MBIO 2020 / Topic 6: Mutations

What is a mutation, & what causes it?

> Heritable change in DNA sequence.

> Due to a lesion in DNA that is not repaired prior to a replication round

What are the two types of mutations based on cause? Briefly describe each.

Spontaneous mutation

Errors caused by biological errors, e.g. DNA pol mistakes.

Induced mutations

Errors caused by external factors, e.g. UV.

How can mutant strains be derived in relation to the wild-type?

A mutant strain can be obtained from either (a) directly from the wild type or (b) from a parental mutant (a strain that was already mutated from the wild-type.

+ Depending on the mutation, a mutant may or may not differ in phenotype from its parent.

What are the two types of mutations based on survival? Briefly describe each.

Selectable mutations

> Confers a clear advantage on the mutant strain under certain environmental conditions, such that the progeny of the mutant cell are able to grow and replace the parent, e.g. antibiotic resistance of mutant over parent.

Non-selectable mutations

> Confers neither an advantage or disadvantage over their parent cells when grown in laboratory conditions.

What are the differences between selecting and screening to observe mutants in lab?

> Selection = Only mutants grow (e.g. antibiotic resistance).

> Screening = All grow; mutants identified by observable traits (e.g. colony color).

Why is selecting usually preferred over screening?

Selection is preferred over screening because selective conditions typically place severe restraints on the population that mutants are easily detectable.

What do auxotrophs require to survive, and how do you isolate against them?

> Auxotroph = Mutant needing extra nutrients than that of the wild type or parental strain (i.e. prototroph).

> Isolation requires selective medium with none of their extra requirement.

What are the two types of mutations based on change? Briefly describe each.

Point mutation (aka base-pair substitutions)

> Only 1 bp changes.

Frameshift mutations

> Insert/delete 1–2 bp = Shifts reading frame = Scrambling polypeptide sequence downstream of mutation.

Macrolesions

> May span 1 or more genes.

What are the five different point mutations? Briefly describe the impacts on the protein whenever applicable.

> Transition = Change within base category, e.g. adenine to guanine (purine to purine).

> Transversion = Change between base categories, e.g. adenine to cytosine (purine to pyrimidine).

> Silent = Different codon, but AA doesn’t change = Virtually no impact on final protein.

> Missense = Different codon + AA does change = Impact on final protein depends on location of changed AA & duration of effect on folding/activity.

> Nonsense = Different codon & AA changes into a stop codon = Incomplete polypeptide if mutation not at end of mRNA = Inactive protein or activity-lacking protein.

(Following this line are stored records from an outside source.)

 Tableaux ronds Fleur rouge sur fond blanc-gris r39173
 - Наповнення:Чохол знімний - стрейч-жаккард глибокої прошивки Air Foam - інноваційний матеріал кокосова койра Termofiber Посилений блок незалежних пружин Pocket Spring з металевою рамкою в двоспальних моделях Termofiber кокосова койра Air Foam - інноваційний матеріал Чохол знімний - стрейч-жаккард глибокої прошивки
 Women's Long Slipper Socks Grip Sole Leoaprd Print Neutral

How can a point mutation in a coding region affect phenotype?

> Point mutation in a gene’s coding region may change the AA sequence = Alters protein structure/function = Affects phenotype.

> What is a reversion?

> What is a revertant strain?

> Reversion = Reversing the point mutation.

> Revertant strain = Strain regaining original phenotype due to a second mutation.

+ Spontaneous or induced.

What are the two types of revertants?

> Same-site revertant = Second mutation happens at the same site as the original

+ If it restores the original DNA sequence, it’s a true revertant.

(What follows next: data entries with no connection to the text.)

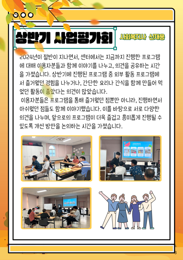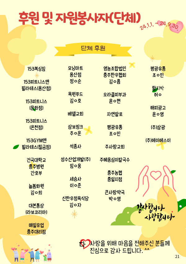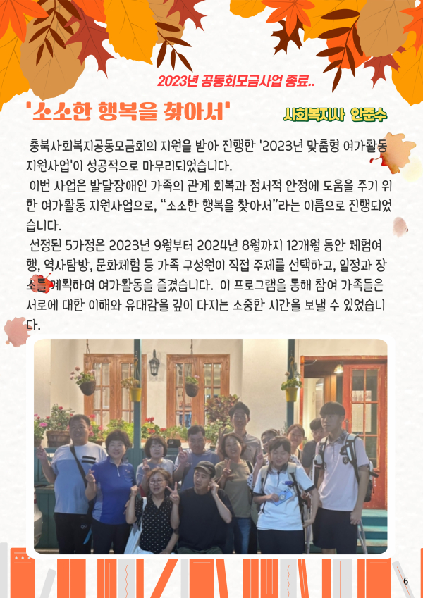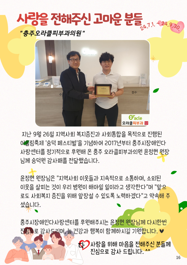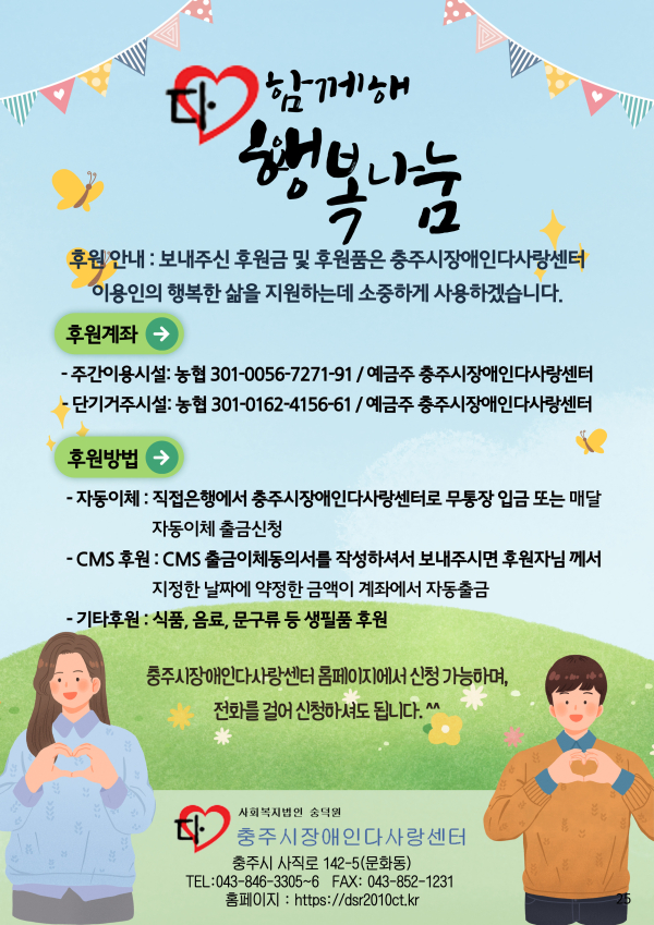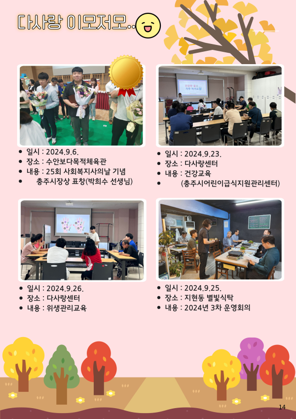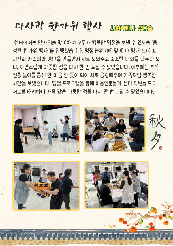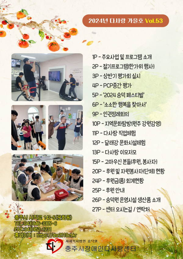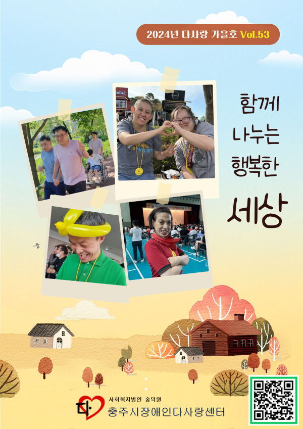 24년 가을호 (vol.53) 다사랑 뉴스레터 페이지 정보 작성자 이재호 작성일24-10-14 10:21 조회637회 댓글0건 관련링크 본문 2024년 3분기 소식지가 발행되었습니다. 항상 따뜻한 관심과 성원을 보내주신 여러분께 감사드립니다. 댓글목록 등록된 댓글이 없습니다. 이전글 다음글 목록
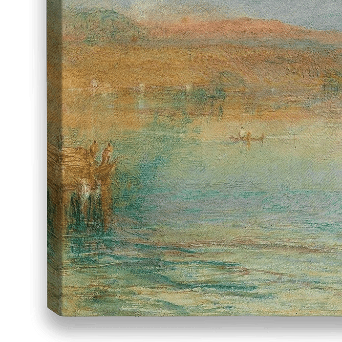Der junge J. M. W. Turner besuchte die Schweiz zum ersten Mal 1802. Im folgenden Jahrzehnt war die alpine Landschaft das Thema für viele seiner Ölbilder und Aquarelle. Eine anhaltende Affinität zur spektakulären Landschaft der Alpen inspirierte seine späteren Besuche in den frühen 1840er Jahren. Turners späte Aquarelle evozieren die Heiterkeit und Unermesslichkeit der Schweizer Landschaft in einigen der überzeugendsten und strahlendsten Kompositionen seiner Karriere. Die Rigi, einer der berühmtesten Berge der Schweiz, überragt den See östlich von Luzern. Mit ihren nur 1780 Metern ist sie nicht einer der höchsten Gipfel der Schweizer Alpen, aber die herrlichen, ungestörten Ausblicke, die ihre isolierte Lage und die Schönheit der Landschaft bieten, ziehen seit langem abenteuerlustige Touristen an.
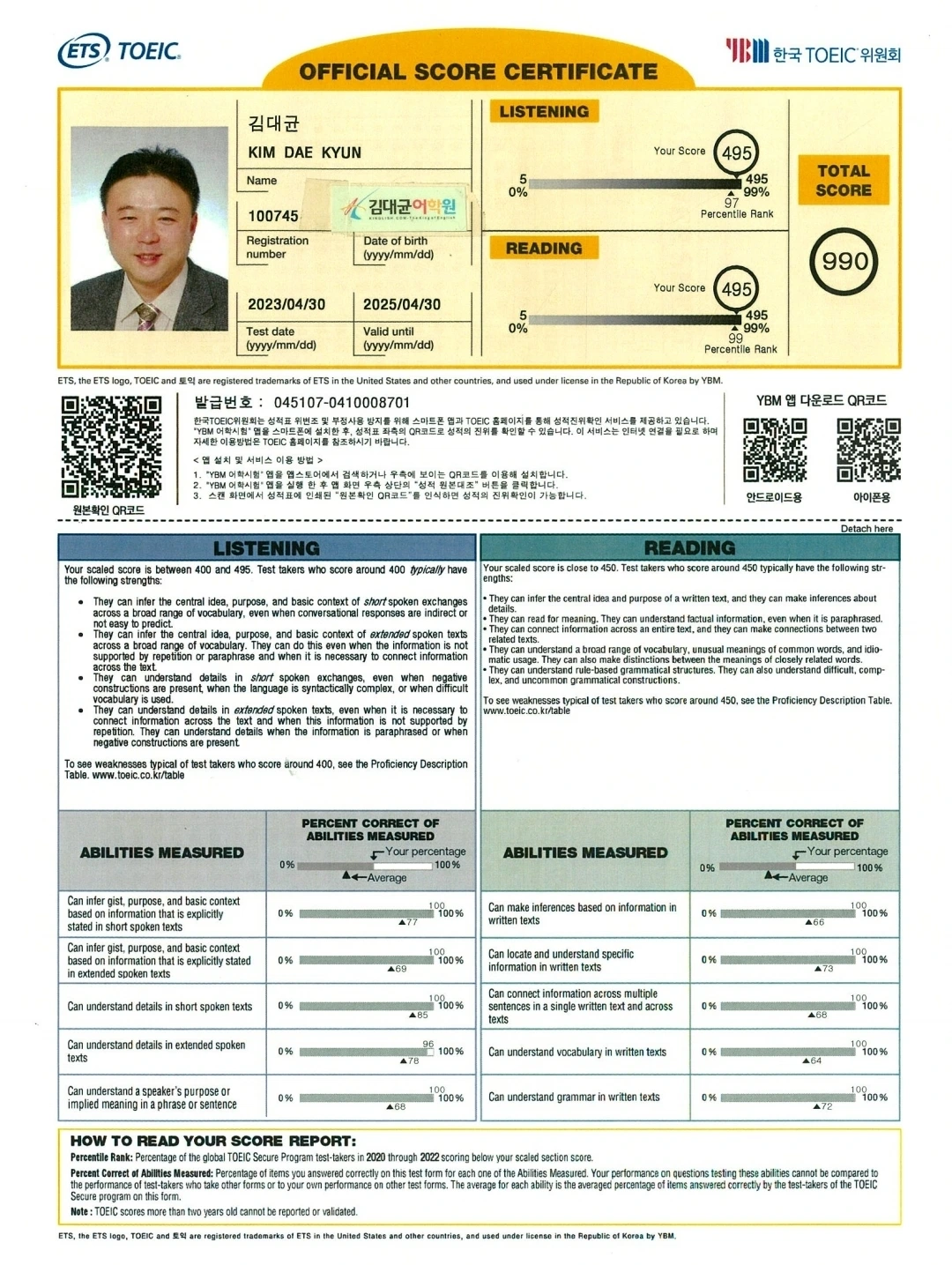 토익 최다응시 최다만점강사 김대균토익킹 성적표들
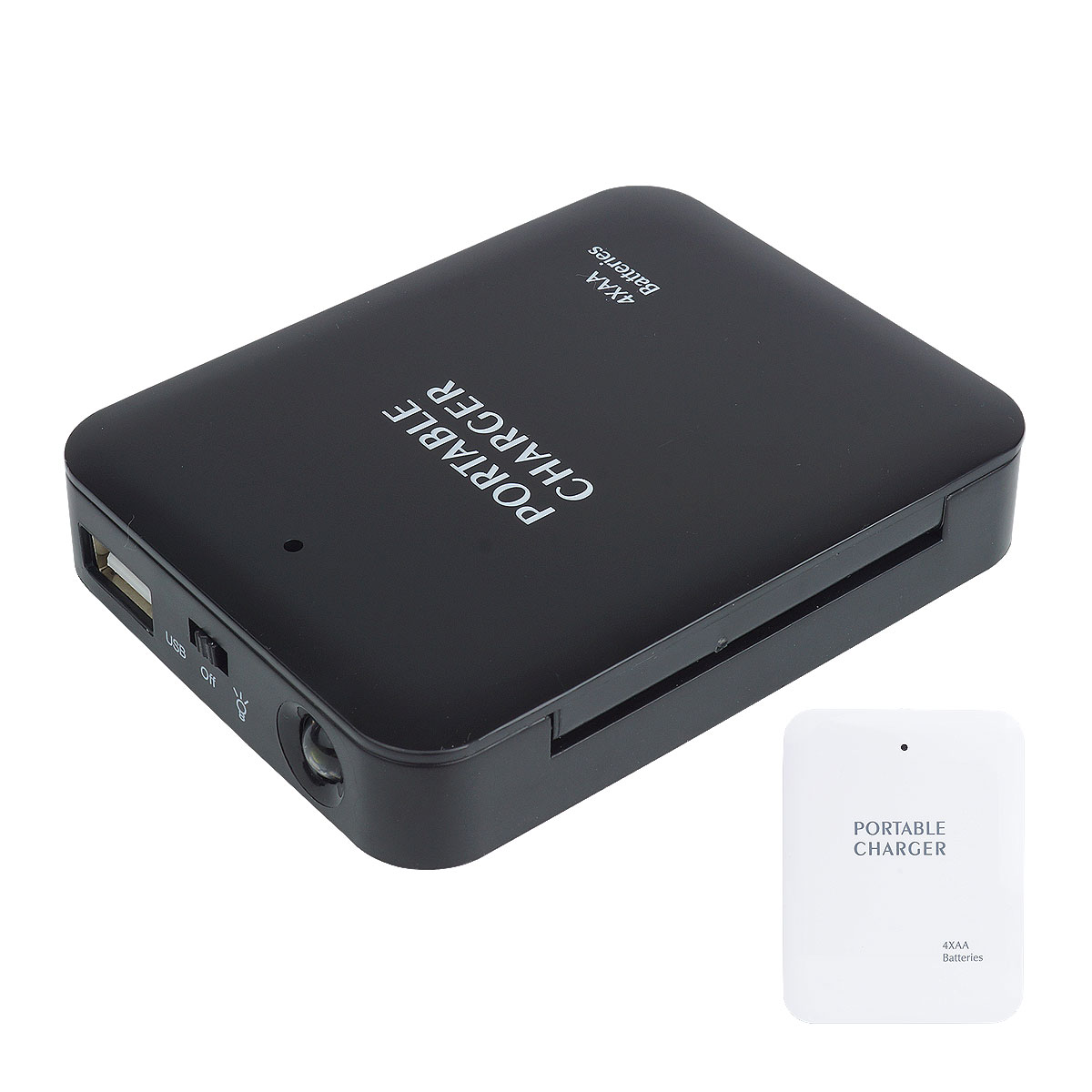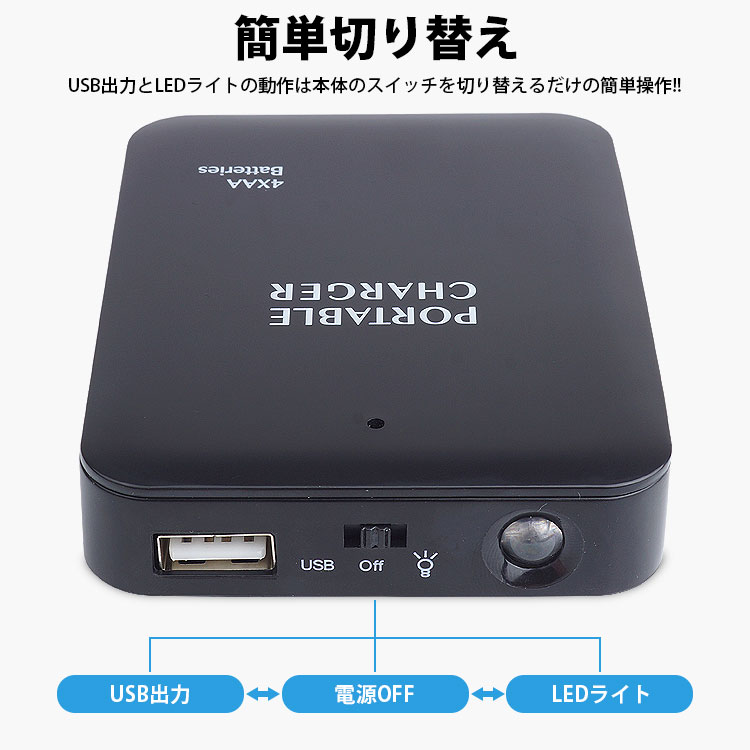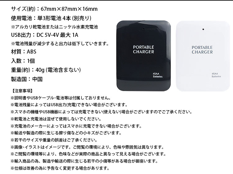 単三電池×4本でスマートフォン等を充電することができる電池式モバイルバッテリー

> Second-site revertant = Second mutation is at a different site; acts as a suppressor mutation that compensates for the original defect

What are the three classes of suppressor mutations?

> Mutation in the same gene restoring original function.

> Mutation in a different gene that adjusts an interacting protein to function with the originally mutated one.

> Mutation in a different gene produces a new enzyme to assume role of originally nonfunctional, mutated one.

What are the four types of macrolesions?

> Large insertions or deletions, e.g. insert/delete a codon.

> Duplications = DNA segment repeated at different site on either strand.

> Translocations = DNA segment moved to different location on same strand.

> Inversions = DNA segment removed & inserted in opposite direction to preserve proper 3’ to 5’ reading for RNA pol.

What non-structural DNA regions can mutations affect, & how? HINT: There are 6 of them.

> Promoter (−35 & −10 boxes) mutations = RNA pol binding.

> Inverted repeats forming stemloops = Transcription termination.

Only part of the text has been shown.